WHAT YOU SHOULD DO:
In the entries below, which lines run from the one with "de mamoru book」" through the one with "Dokumen ini adalah"? Repeat exactly those, both included, and no pictures.

RAW DATA:
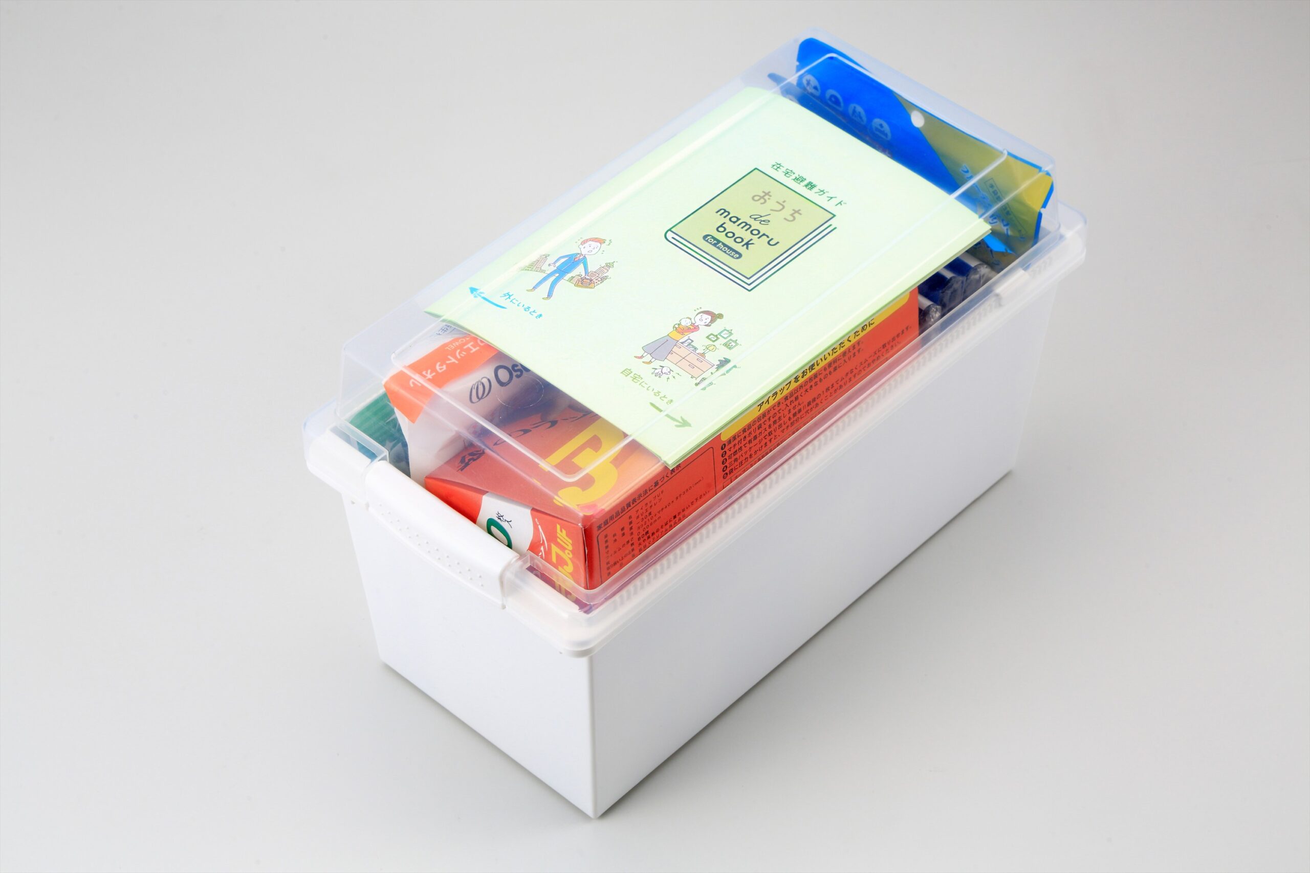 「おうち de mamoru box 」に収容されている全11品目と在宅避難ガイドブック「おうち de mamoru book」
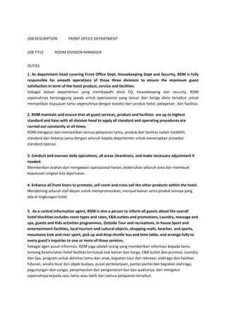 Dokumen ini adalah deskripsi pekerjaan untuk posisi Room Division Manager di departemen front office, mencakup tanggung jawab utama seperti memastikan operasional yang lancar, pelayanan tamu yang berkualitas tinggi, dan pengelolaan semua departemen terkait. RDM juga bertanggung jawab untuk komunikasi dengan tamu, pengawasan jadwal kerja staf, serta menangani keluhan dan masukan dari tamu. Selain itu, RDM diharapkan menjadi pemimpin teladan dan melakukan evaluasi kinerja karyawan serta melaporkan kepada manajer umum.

--

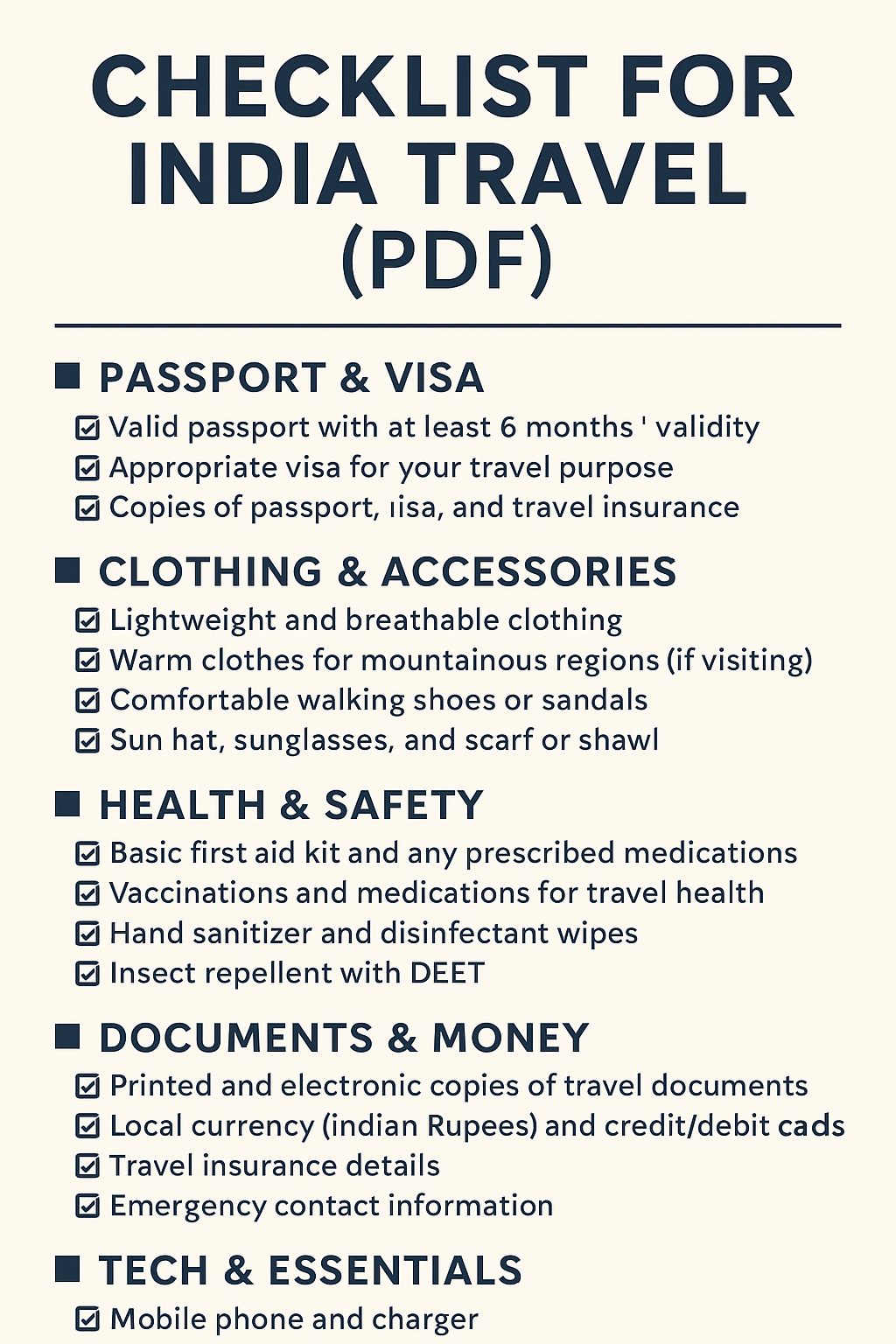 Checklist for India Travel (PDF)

REPLY:
 「おうち de mamoru box 」に収容されている全11品目と在宅避難ガイドブック「おうち de mamoru book」
 Dokumen ini adalah deskripsi pekerjaan untuk posisi Room Division Manager di departemen front office, mencakup tanggung jawab utama seperti memastikan operasional yang lancar, pelayanan tamu yang berkualitas tinggi, dan pengelolaan semua departemen terkait. RDM juga bertanggung jawab untuk komunikasi dengan tamu, pengawasan jadwal kerja staf, serta menangani keluhan dan masukan dari tamu. Selain itu, RDM diharapkan menjadi pemimpin teladan dan melakukan evaluasi kinerja karyawan serta melaporkan kepada manajer umum.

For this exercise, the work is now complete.